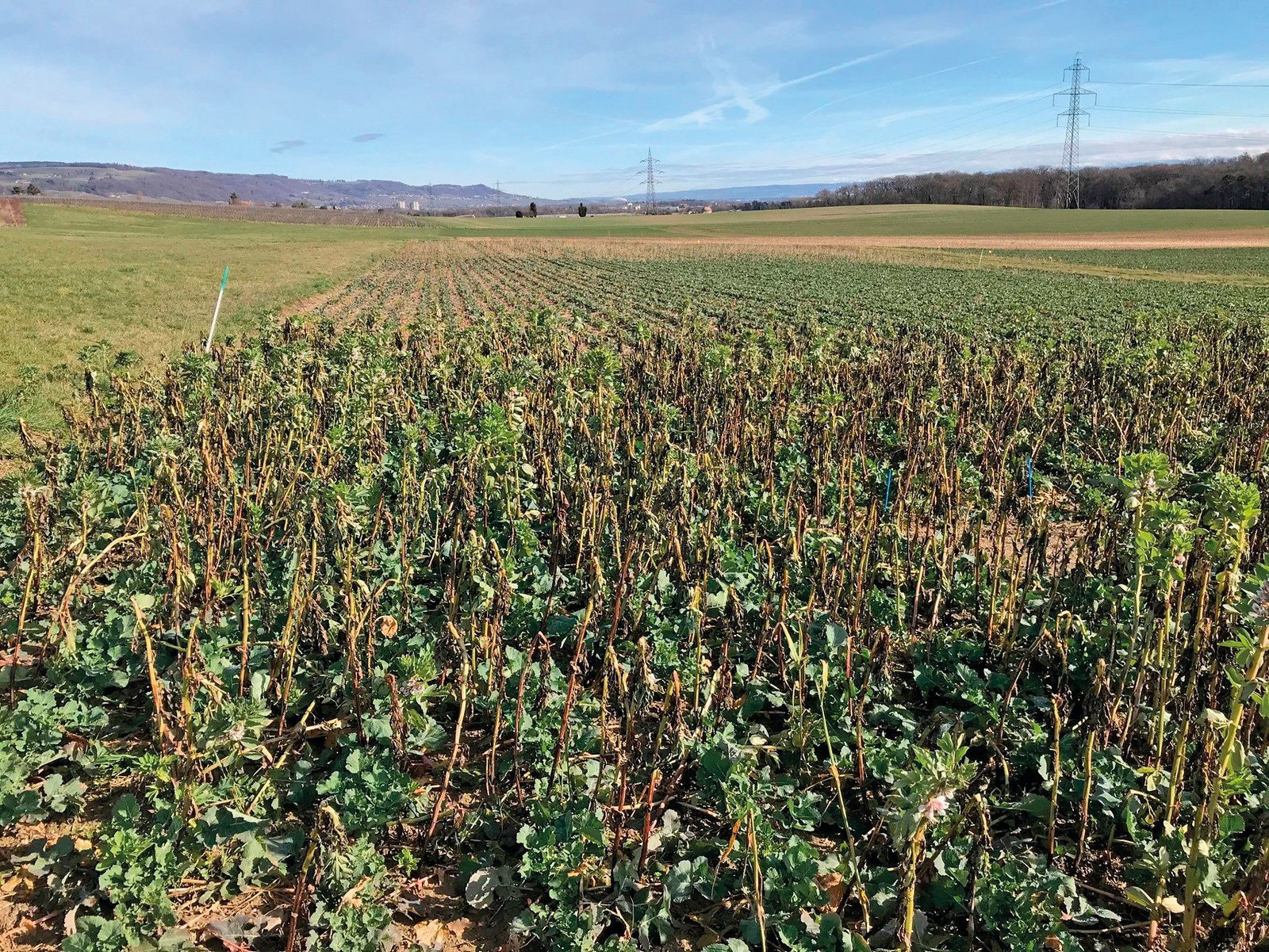 Im Rahmen der zwischen 2014 und 2018 durchgeführten Versuche mit Untersaat konnten Frass-Schäden durch adulte Erdflöhe reduziert werden. 2020 zeigte ein Versuch mit der Ackerbohnen als Begleitpflanze vielversprechende Ergebnisse. Die frostharte Leguminose reduzierte den Bestand der Rapspflanzen, machte sie jedoch robuster. Die Rapskultur mit Untersaat erlitt weniger Schäden durch den Rapsstängelrüssler, möglicherweise aufgrund der visuellen Verwirrung durch die Stängel der Ackerbohnen im Februar/März. Zudem war auch die Zahl der Rapsglanzkäfer pro Pflanze geringer. Schliesslich konnte bei der Raps-Untersaat mit Ackerbohnen ein höherer Ertrag erzielt werden.
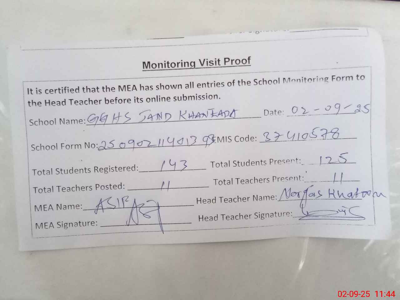 | Attendance Register | Head Teacher | MEA with School | Visit Proof |
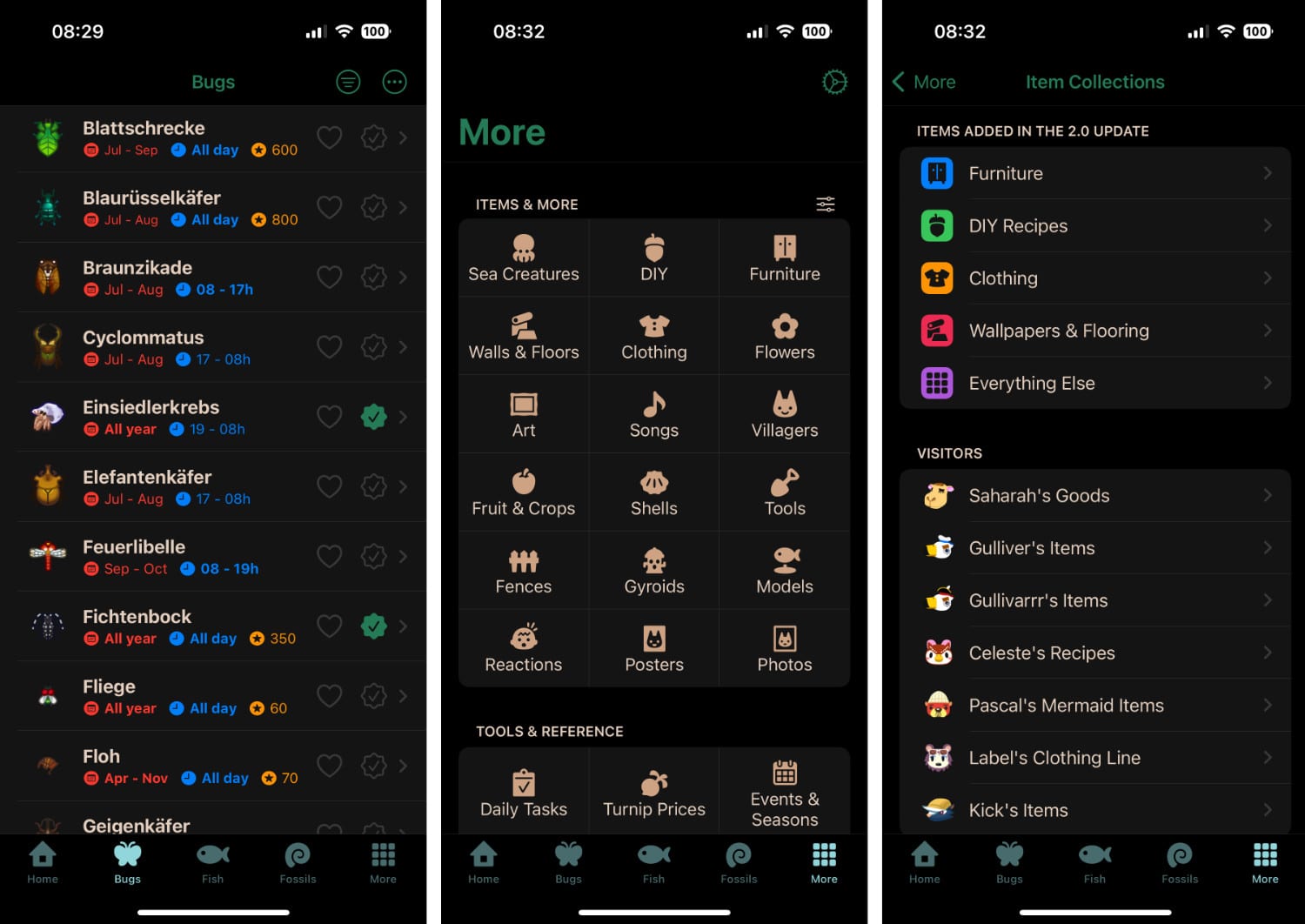 Vor allem die informativen Listen zu sammelnder Insekten, Fische und Fossilien sind extrem praktisch und erlauben es einem, bereits gefangene Arten abzuhaken, ihre Verkaufspreise, Vorkommen, die Region und ihr jahreszeitliches Erscheinen sowie die damit zusammenhängende Tageszeit einzusehen. Wer schon einmal Animal Crossing: New Horizons gespielt hat, wird schnell merken, wie hilfreich die Auflistung in der App ist.
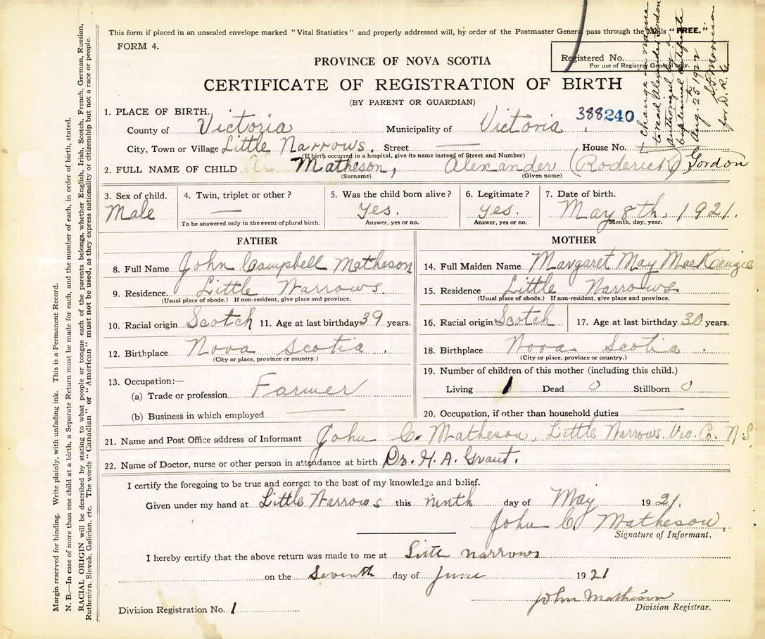 21. Name and Post Office address of Informant John C. Matheson Little Narrows, Vic. Co., N.S.
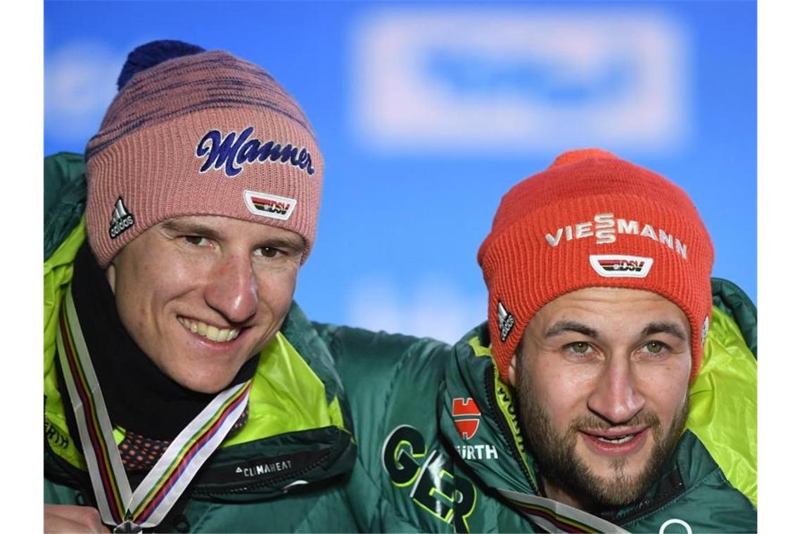 Der erste Weltcup der Skisprung-Saison findet im russischen Nischni Tagil statt. Mit dabei: Markus Eisenbichler (r) und Karl Geiger. Foto: Hendrik Schmidt/dpa/Archivbild
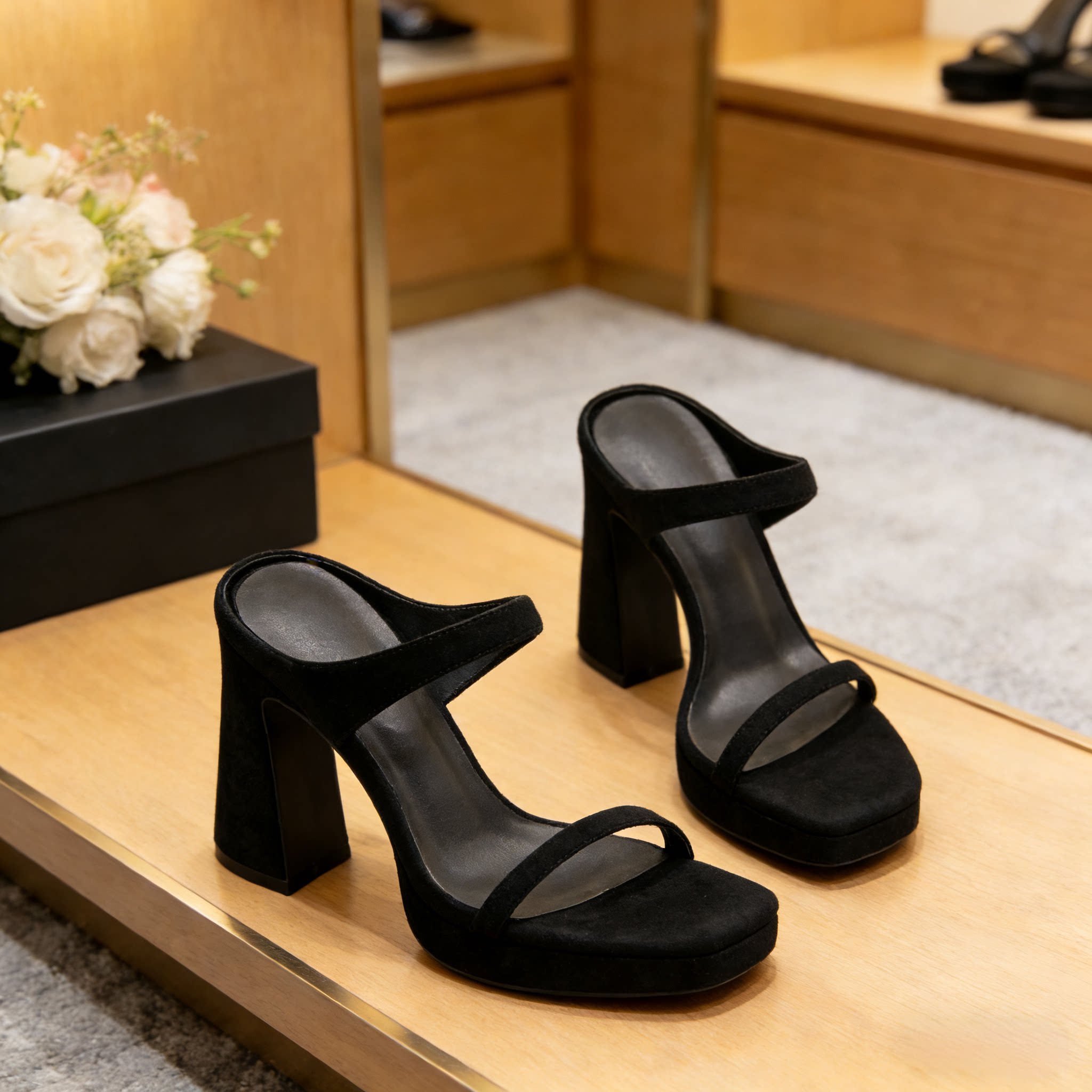 黑色粗跟凉拖鞋 百搭高级感 女夏外穿10cm防水台方头一字带高跟凉鞋
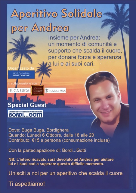 L’Associazione Bordighera Bene Comune rilancia un appello alla generosità e alla partecipazione con l’organizzazione di un aperitivo solidale dedicato ad Andrea Oliva e alla sua famiglia, impegnata in queste settimane a sostenere spese mediche gravose. L’evento, intitolato “Aperitivo solidale per Andrea – Insieme per Andrea”, si terrà lunedì 6 ottobre, dalle 18 alle 20, presso il Buga Buga di Bordighera. Con un contributo di 15 euro (inclusiva la consumazione), tutti sono invitati a partecipare e contribuire alla raccolta fondi.
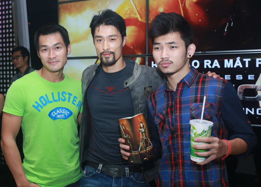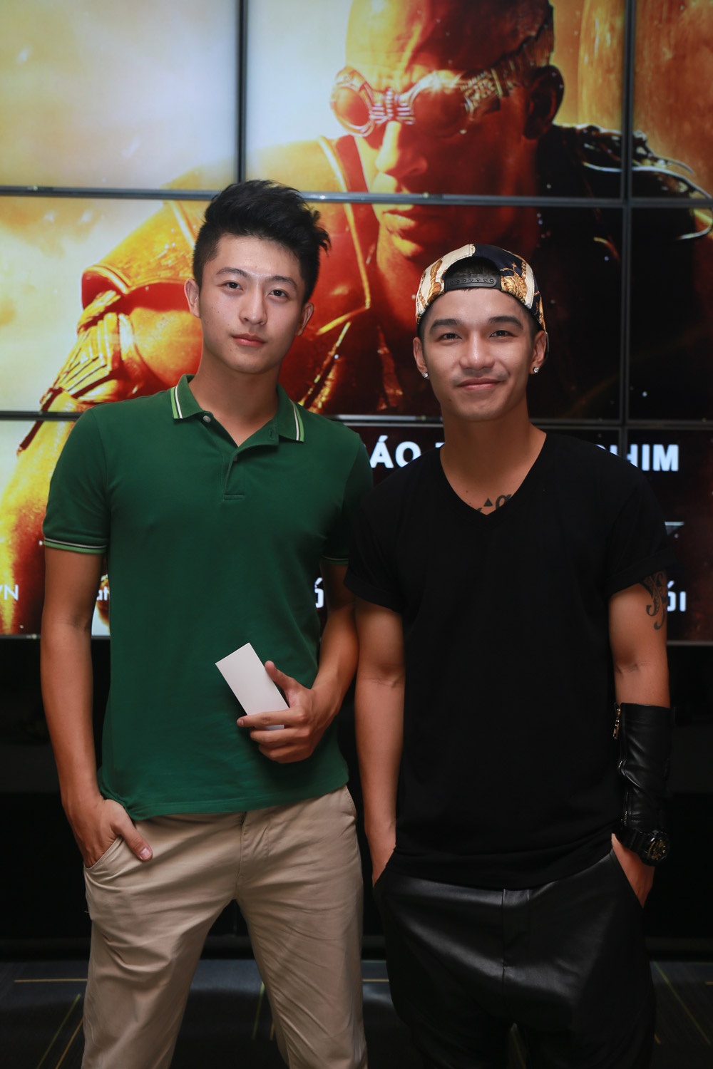 | Cường Seven diện trang phục độc đáo, làm toát lên cá tính của một dancer. Anh chàng đi xem phim cùng hot boy Harry Lau, nam diễn viên phim Thần tượng. |
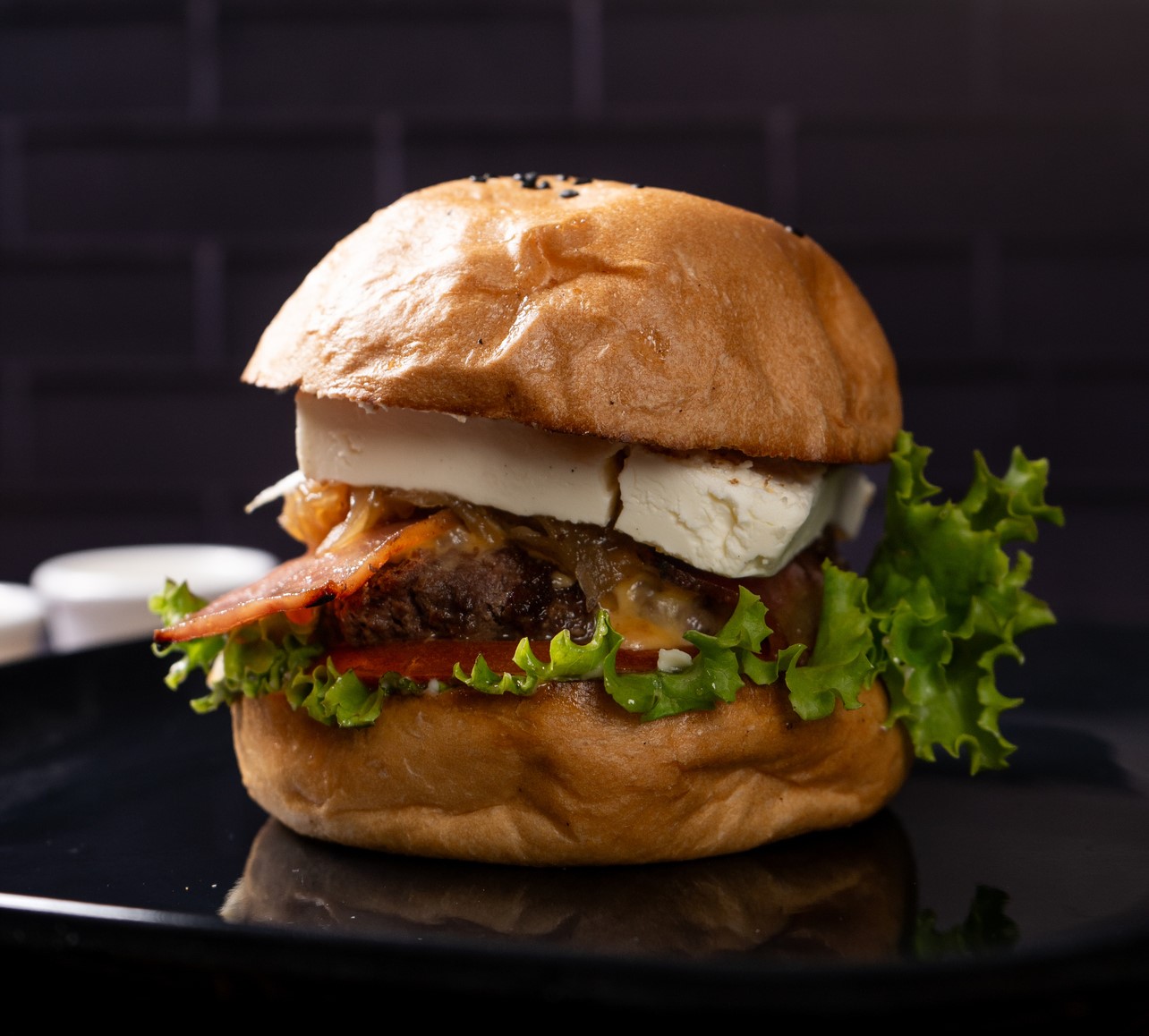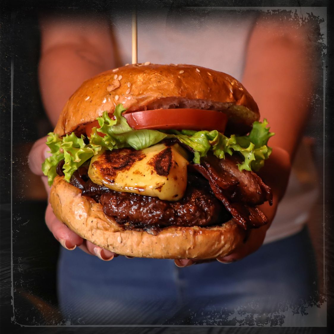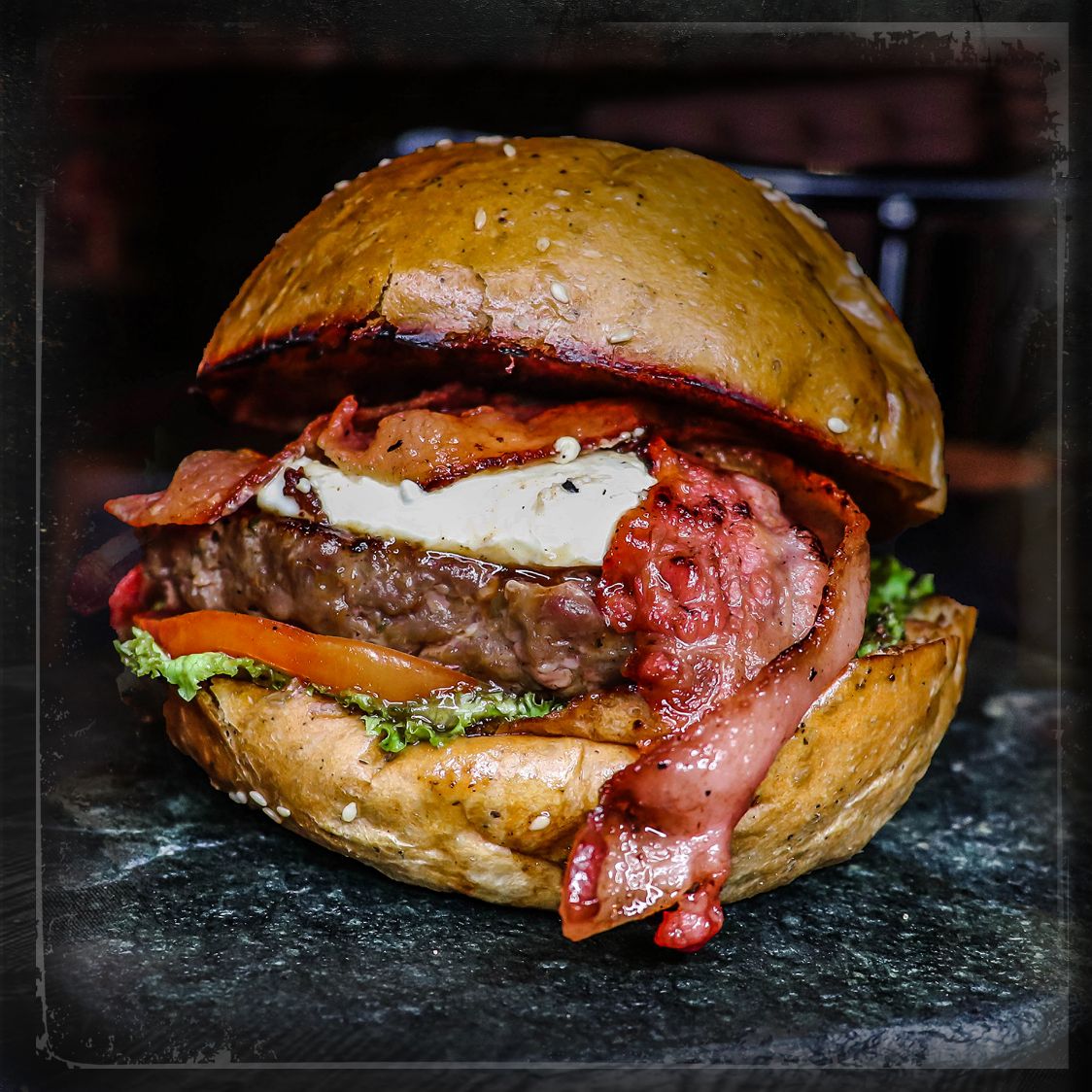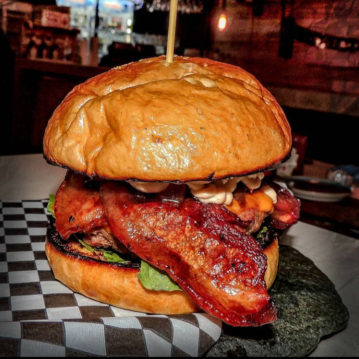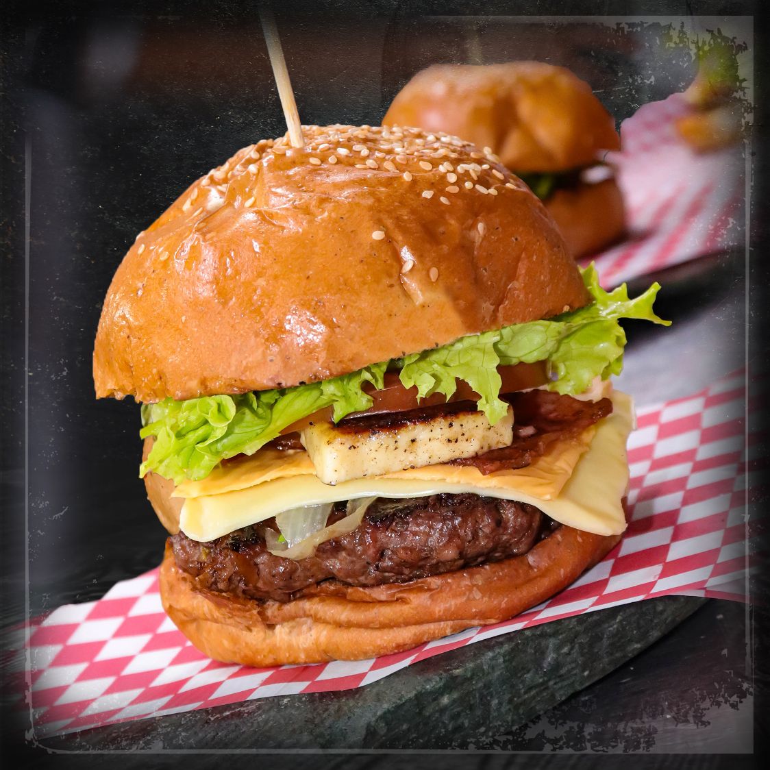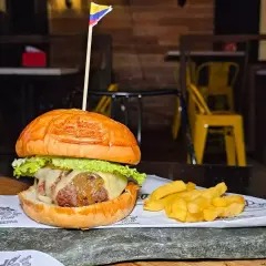 Carne de la casa, acompañada de lechuga, tomate, una combinación entre queso mozzarella, queso americano, queso papialpa, queso crema y queso azul, tocineta, cebolla caramelizada y pan fresco

○ ○ ○ ○ ○ ○ ○

Your answer is an exact copy of the records above, stripped of pictures.

 Im Rahmen der zwischen 2014 und 2018 durchgeführten Versuche mit Untersaat konnten Frass-Schäden durch adulte Erdflöhe reduziert werden. 2020 zeigte ein Versuch mit der Ackerbohnen als Begleitpflanze vielversprechende Ergebnisse. Die frostharte Leguminose reduzierte den Bestand der Rapspflanzen, machte sie jedoch robuster. Die Rapskultur mit Untersaat erlitt weniger Schäden durch den Rapsstängelrüssler, möglicherweise aufgrund der visuellen Verwirrung durch die Stängel der Ackerbohnen im Februar/März. Zudem war auch die Zahl der Rapsglanzkäfer pro Pflanze geringer. Schliesslich konnte bei der Raps-Untersaat mit Ackerbohnen ein höherer Ertrag erzielt werden.
 | Attendance Register | Head Teacher | MEA with School | Visit Proof |
 Vor allem die informativen Listen zu sammelnder Insekten, Fische und Fossilien sind extrem praktisch und erlauben es einem, bereits gefangene Arten abzuhaken, ihre Verkaufspreise, Vorkommen, die Region und ihr jahreszeitliches Erscheinen sowie die damit zusammenhängende Tageszeit einzusehen. Wer schon einmal Animal Crossing: New Horizons gespielt hat, wird schnell merken, wie hilfreich die Auflistung in der App ist.
 21. Name and Post Office address of Informant John C. Matheson Little Narrows, Vic. Co., N.S.
 Der erste Weltcup der Skisprung-Saison findet im russischen Nischni Tagil statt. Mit dabei: Markus Eisenbichler (r) und Karl Geiger. Foto: Hendrik Schmidt/dpa/Archivbild
 黑色粗跟凉拖鞋 百搭高级感 女夏外穿10cm防水台方头一字带高跟凉鞋
 L’Associazione Bordighera Bene Comune rilancia un appello alla generosità e alla partecipazione con l’organizzazione di un aperitivo solidale dedicato ad Andrea Oliva e alla sua famiglia, impegnata in queste settimane a sostenere spese mediche gravose. L’evento, intitolato “Aperitivo solidale per Andrea – Insieme per Andrea”, si terrà lunedì 6 ottobre, dalle 18 alle 20, presso il Buga Buga di Bordighera. Con un contributo di 15 euro (inclusiva la consumazione), tutti sono invitati a partecipare e contribuire alla raccolta fondi.
 | Cường Seven diện trang phục độc đáo, làm toát lên cá tính của một dancer. Anh chàng đi xem phim cùng hot boy Harry Lau, nam diễn viên phim Thần tượng. |
 Carne de la casa, acompañada de lechuga, tomate, una combinación entre queso mozzarella, queso americano, queso papialpa, queso crema y queso azul, tocineta, cebolla caramelizada y pan fresco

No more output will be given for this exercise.